HAMILTON, ON - Last evening, the City completed the process of collecting and submitting more than 55,500 documents to the Commissioner for the Red Hill Valley Parkway (RHVP) Judicial Inquiry. 

Last year, the City began collecting and compiling documents for the Judicial Inquiry. More than three million documents were collected from network drives, hardcopies, document management systems and the mailboxes of over one hundred current and former City employees. The City’s legal team has now submitted more than 55,500 documents relevant to the Commissioner’s request for information. The City will continue to work with the Commissioner and his counsel to disclose any additional documents that may be relevant to the work of the Inquiry.

The City is the first participant to submit all relevant documents in its possession to the Commissioner and expects the other participants to follow suit over the coming weeks. Once the Commissioner receives the relevant documents from the other Inquiry participants, Commission Counsel will begin the process of interviewing witnesses.
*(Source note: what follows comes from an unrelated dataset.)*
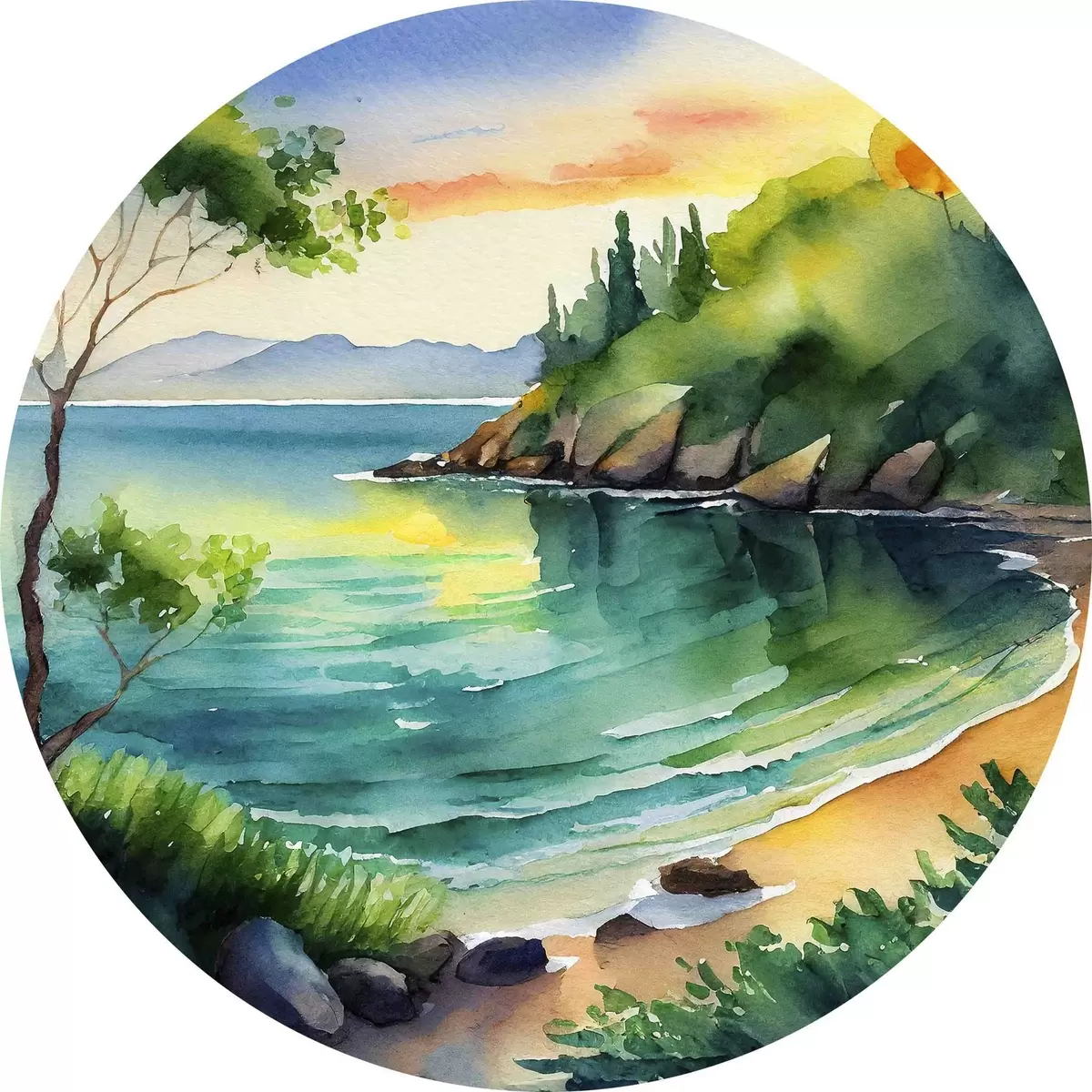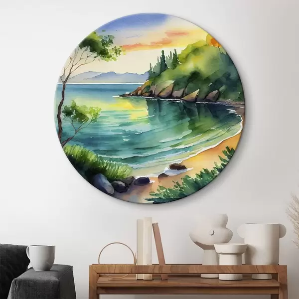 Tableaux ronds Les eaux calmes rencontrent le rivage r37954

Ultimately, the Inquiry will result in a hearing and a report from the Commissioner containing his conclusions and recommendations with respect to the issues in the Terms of Reference. 

“The City is providing all necessary documents to the Inquiry to assist the Commissioner with his work so that, at its conclusion, Council and the people of Hamilton better understand issues related to the Red Hill Valley Parkway. We remain committed to diligently working with the Commissioner throughout the process. I want to thank Justice Herman J. Wilton-Siegel and his team for their work to date and look forward to the next steps in the Inquiry and its ultimate findings.”

- Mayor Fred Eisenberger

While the COVID-19 pandemic means that the Inquiry will likely be different than we had originally anticipated, the City has met the challenge of providing all relevant documents while most staff are working remotely. The City is looking forward to participating in interviews and hearings and learning about the Commissioner’s recommendations at the conclusion of the Inquiry.
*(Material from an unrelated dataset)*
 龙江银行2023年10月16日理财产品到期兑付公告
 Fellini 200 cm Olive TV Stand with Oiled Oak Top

City Council is committed to improving transparency and accountability in Hamilton, which is one of the leading reasons Council chose the option of a Judicial Inquiry to investigate the RHVP matter.

For more information about the Judicial Inquiry and to learn how the public can participate, visit

Quick Facts:

  • In March 2019, Hamilton City Council decided to pursue a Judicial Inquiry as the preferred route to investigate the matter of the Tradewind Scientific report assessing friction on the RHVP and how it came to the attention of Council and the public
  • In May 2019, the Honourable Mr. Justice Herman J. Wilton-Siegel was appointed as the Commissioner in the Inquiry
  • Judicial Inquiries are a way for governments to examine issues and problems outside the regular legislative process. They can help communities benefit from independent, neutral examination of public issues. Public inquiries can also help shape public policy and make recommendations that will serve the public in the future.